While serving in Napoleon's army, men fashion a virgin/whore dichotomy that prevents them from finding love and spiritual meaning in heterosexual relationships. Henri and the other soldiers separate a woman's physical body from her spiritual or ethereal one: “Here, without women, with only our imaginations and a handful of whores, we can't remember what it is about women that can turn a man through passion into something holy. […] We never think of them here. We think of their bodies” (27). Women, and presumably heterosexual relationships, had the power to sanctify men before the war. Under the imperial hand, however, women—the unconquered land—become prostitutes, physical objects to be taken, mere “breasts.” Their bodies become objects through which men hope to find spiritual as well as physical fulfillment. Unable to possess the bodies which they have despiritualized, however, the men eventually abandon them for their love of Napoleon, the one who can tangibly make France (and by extension themselves) powerful.

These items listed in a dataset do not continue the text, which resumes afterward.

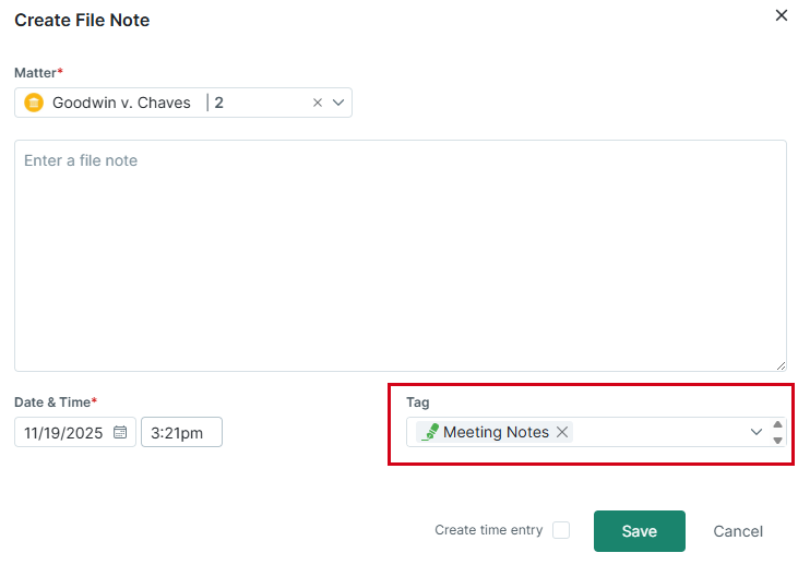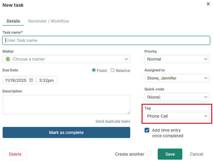 - Parent Tag: Optionally, click this drop-down list to choose a category you want to group similar tags under. For example, you might have a Client Contact tag that includes Phone call, Meeting, and Email tags as part of it. This field is optional.
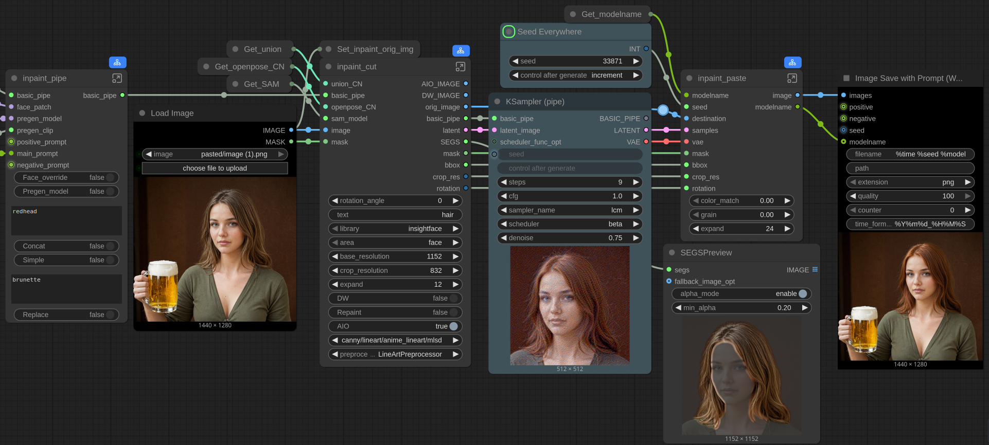 >>1353133 > импэинтинга Почти любая sdxl пойдет, если речь конкретно про комфилапшу, то тут на выбор следующие стулья, из тех что проверял и юзал. 1. differential diffusion + inpaint model conditioning/vae inpaint ноды. 2. brushnet, но эта собака любит краснить изображения 3. controlnet inpaint 4. fooocus patch ноды 5. тупо inpaint модель без вышеописаных выебонов, кроме может быть dd 6. какой-то безумный амдшник на процессоре делал через разбивание изображения на тайлы и последующее сшивание. Ко всему этому прихуяривается crop and stitch нода.
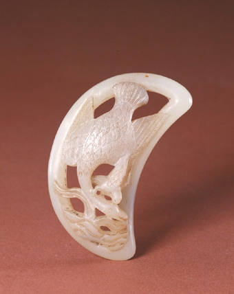 “御用监造”玉海东青啄雁饰 “御用监造”玉海东青啄雁饰,明,长5.5cm,宽3.5cm,厚1.4cm。 玉饰暗白色,月牙形,中间透雕一海东青啄大雁头,迫其降落于水,下部有水波与苇叶纹。作品背面边柱上有阴线“大明宣德年制”、“御用监造”款识。 “御用监”是明代宫廷内专司造办用品的机构,由此而知此物为明代宫廷督造的用品。传世的明代玉器中带有制造年款的非常少,而带有“御用监”款的作品仅此一件,因而非常珍贵。“海东青啄雁”的图案反映了我国北方地区养鹘捕雁的习俗,同类题材在辽、金玉器中大量出现。从造型判断此饰物应为妇女的头饰。
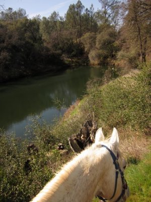 Miss D and I headed out along Saddle Dam for a warm up mile while N tacked up. A big group of 6 or 8 riders (including the boot lady) were heading out for the horse camp loop as I was coming back in to rejoin N, but Desire jogged on by without any concern. We joined up with N and headed off for the Visitor Center/ridge trail as usual. At the first water trough not far out from the trailers, N’s mare stopped and rubbed her head on the trough but didn’t drink, so we continued, walking down a little hill and then starting back up a short steep incline. I started to trot up the incline as we usually do but heard N saying “Stop!” I turned and didn’t see anything but N said Willow had reared. Things seemed to be okay so we started to walk on but I heard N cry out again and turned to see Willow rearing and twisting to the right. She kept turning and turning to the right and half rearing, finally N bailed but then Willow kept turning and knocked her whole body in N a couple of times as she tried to catch her. It all happened so quickly and was so hard to tell at first what was wrong. Willow finally stopped and N immediately saw that one of her rein stoppers was gone and the martingale ring had slip up and become stuck on the rein clip, thereby effectively cranking Willow’s head to the right and keeping her turning in frantic circles to try to relieve the pressure. It wasn’t the mare’s fault, but resulted in a serious crack to N’s head plus being body swiped by her horse 3 or 4 times. It could have been worse but it wasn’t great! N thought her nose might be broken but it wasn’t bleeding and she decided to lead Willow on foot for a minute and see how she felt. We got almost to the foot of the long hill up to the Visitor’s Center and then N told me to go on ahead and ride and she would hang out with Willow, maybe ride a little, but wasn’t feeling she would be able to continue at speed. I felt really bad and offered to ride with her back to the trailer but she insisted she was okay. There were lots of people out on the trails today which made me feel a little better that she would find help if she needed it, but I was still a little worried about her for the remainder of the ride.
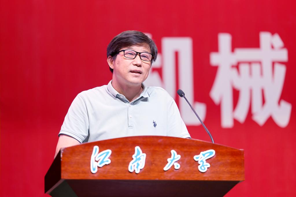 机械工程系俞经虎教授作教师代表发言,他结合自身科研经历及教学经验为新生们提出三点建议:第一要志存高远,做面向国家需求的学问;第二要脚踏实地,做经得起实践检验的真学问;第三要敢想敢做,做守正创新的新学问,在今后的征途中,披荆斩棘,勇往直前,用拼搏奋斗书写人生的新篇章。
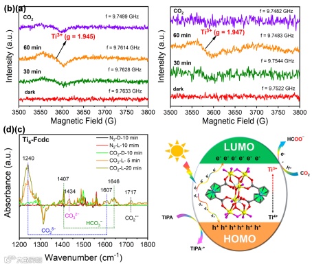 ESR结果显示,这些功能化的PTCs中的Ti4+离子是光催化CO2RR的活性中心。FTIR测试结果表明,CO2自由基、羧酸盐(CO2δ-)、碳酸氢盐和碳酸盐是该光催化反应中的重要反应中间体。
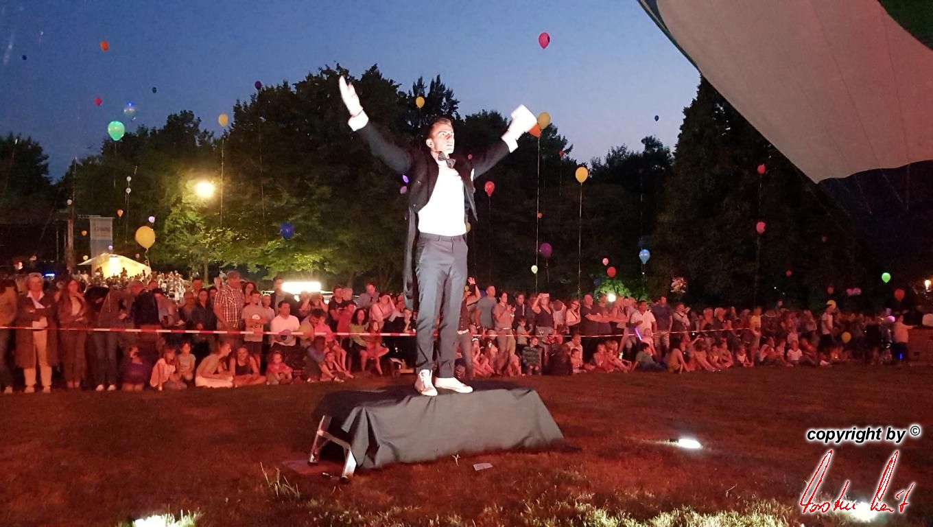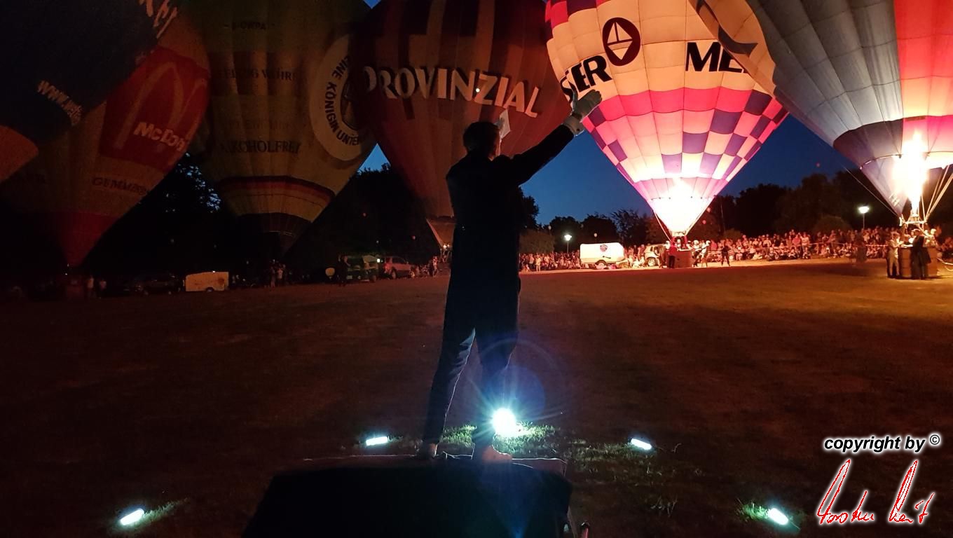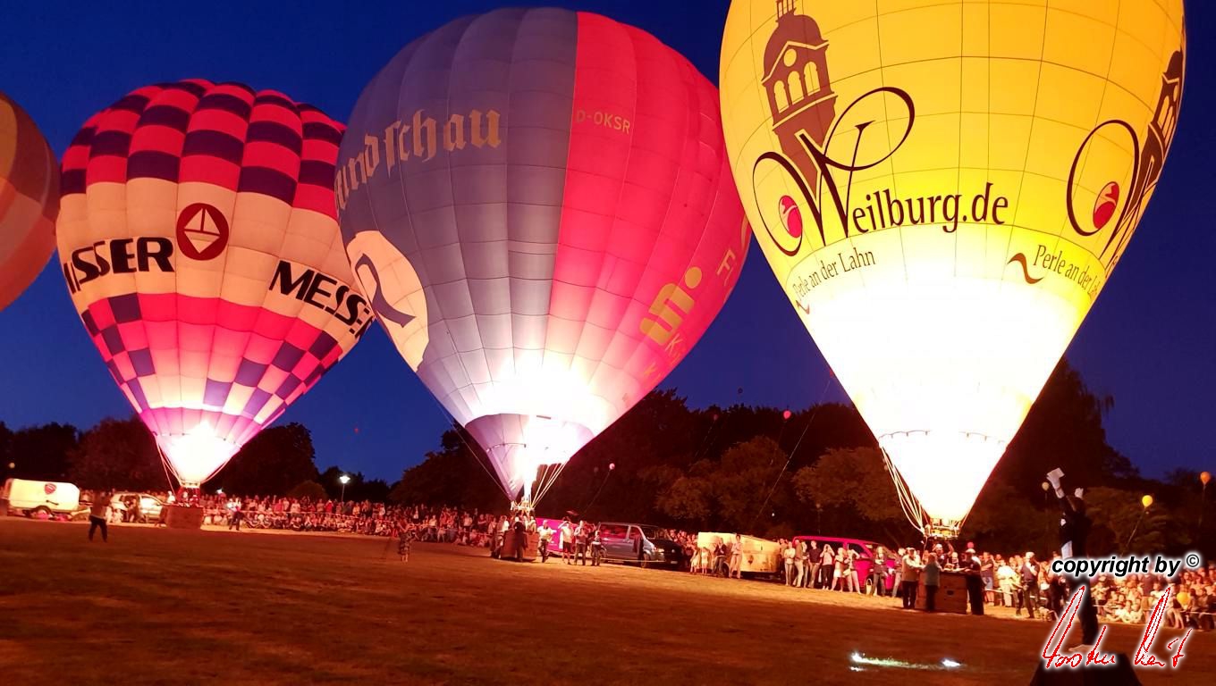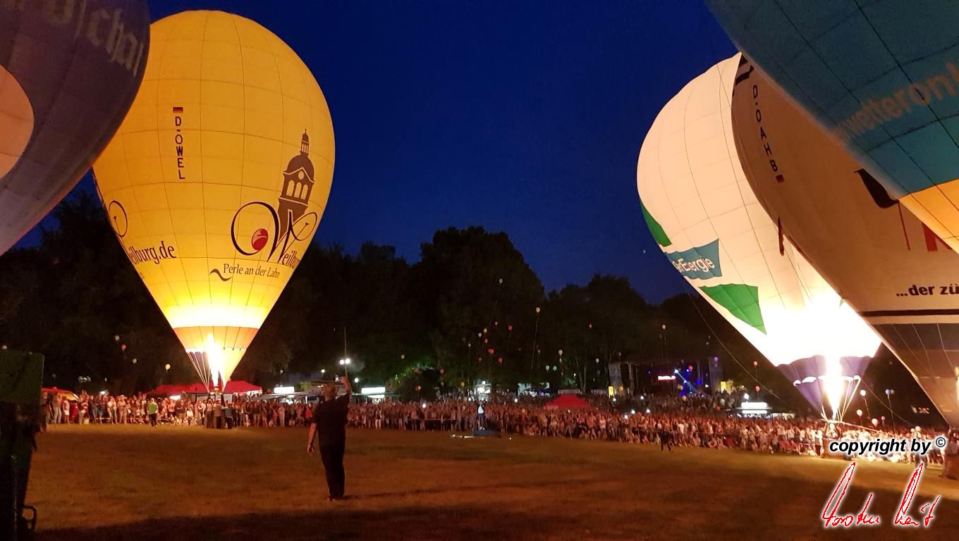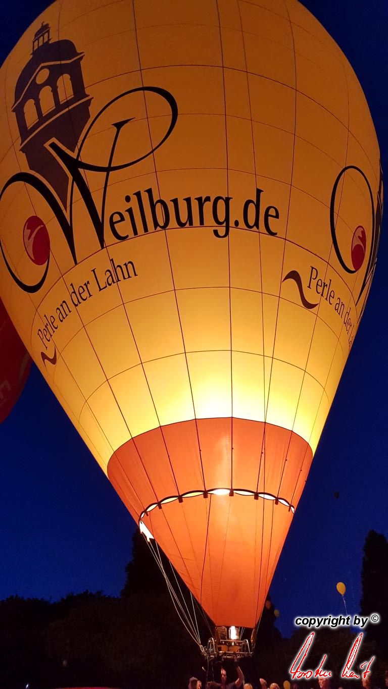 Anlässlich des 29. Residenzmarktes in Weilburg, der vergangenen Samstag und Sonntag stattfand, fand am Samstagabend eine ausgesprochen schöne und besondere Fahrt mit unserem Bürgermeister und seiner Lebensgefährtin statt. Um zu gewährleisten, dass er den besten Blick auf "seine" Perle und seine Stadt hat, fuhr er im Ballon der AggerEnergie. Die Fahrt ging über die Stadt, so dass alles perfekt gelang. |
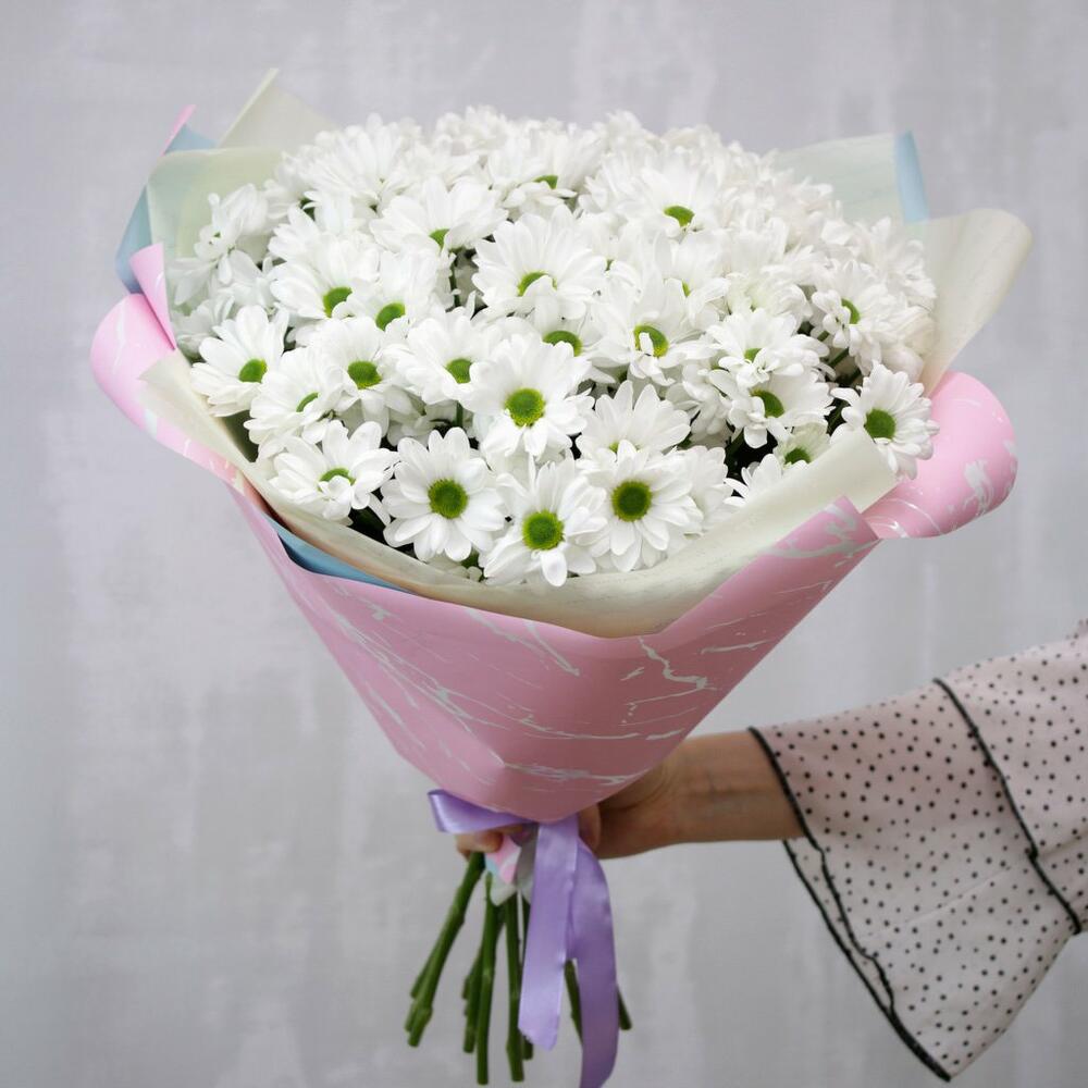 Букет из 15 хризантем Бакарди в стильной упаковке
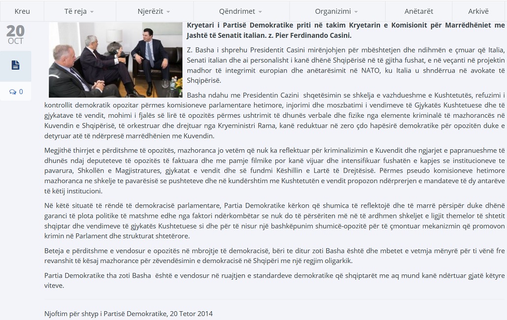 Sipas informacioneve të gazetës, Pier Ferdinando Casini është pritur nga Lulzim Basha në selinë e PD më 20 tetor 2014, kur mbante postin e Kryetarin të Komisionit për Marrëdhëniet me Jashtë të Senatit italian. Në këtë takim Basha shoqërohet nga Tritan Shehu.
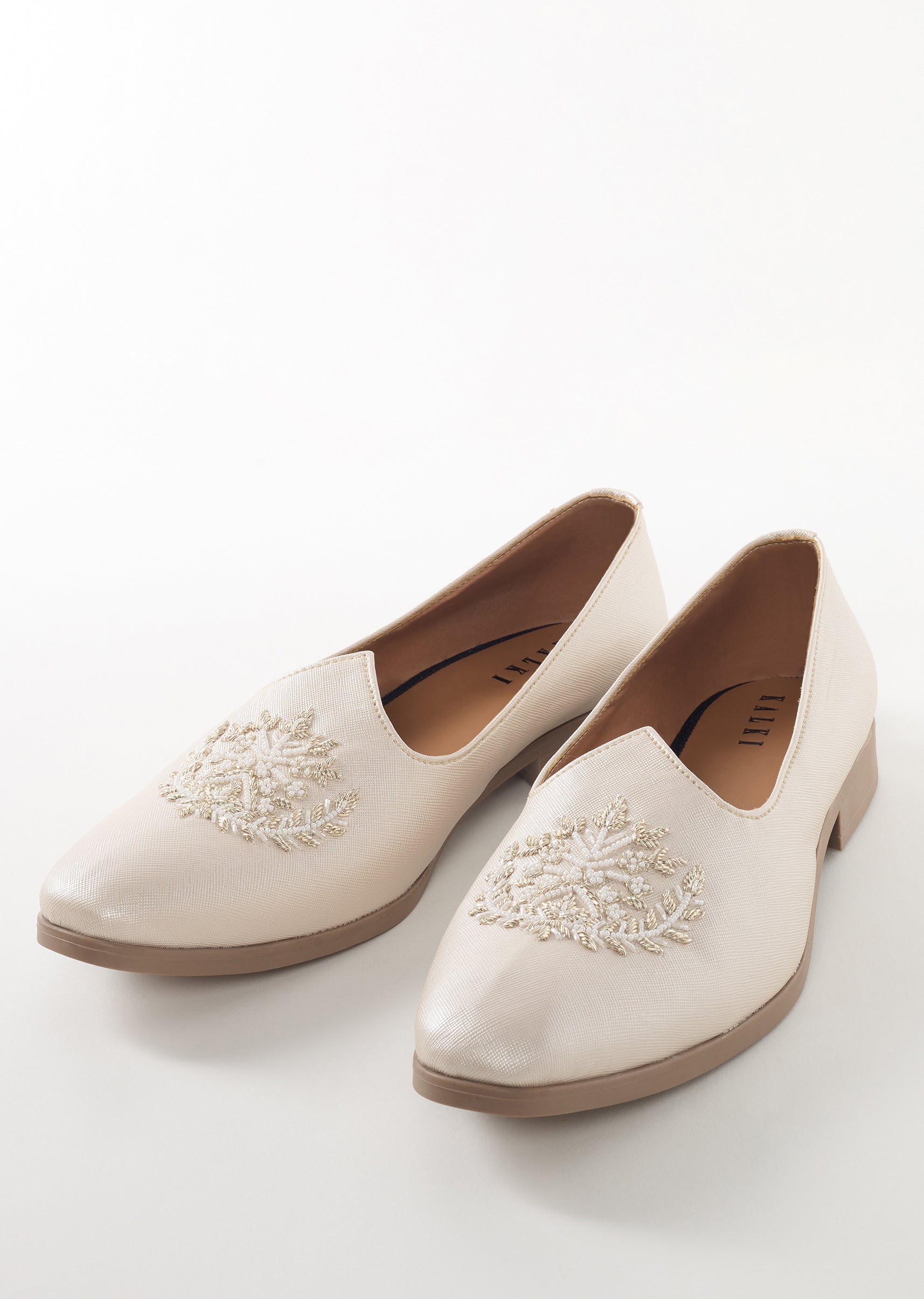 These white ethnic juttis feature intricate hand embroidery and a textured finish that creates a classy and ethnic look. The faux leather base with embroidery detailing adds elegance while ensuring... More Product Details
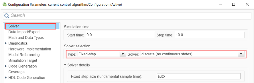 2. Select Modeling > Model Settings > Model Settings to open the Configuration Parameters dialog box.
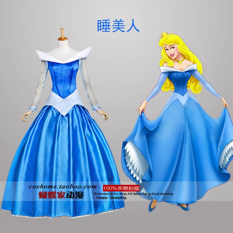 Gratis Verzending Doornroosje Aurora Prinses Coaplay Blauwe Jurk
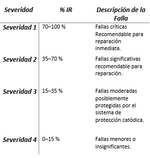 Se calcula el %IR (porcentaje de caída IR) y se categoriza según AMPP 06191.

Henri's parable of the inventor—a man who leaves his wife to make his fortune, yet loses everything—illustrates this abandonment of women: “She had made him possible. In that sense she was his god. Like God, she was neglected” (28). Here Winterson suggests that women possess a spiritual power that men cannot access through the virgin/whore, spirit/matter dichotomy, and because of this boundary, the colonizers eventually neglect women (and religion) in order to find passion in their service for Napoleon.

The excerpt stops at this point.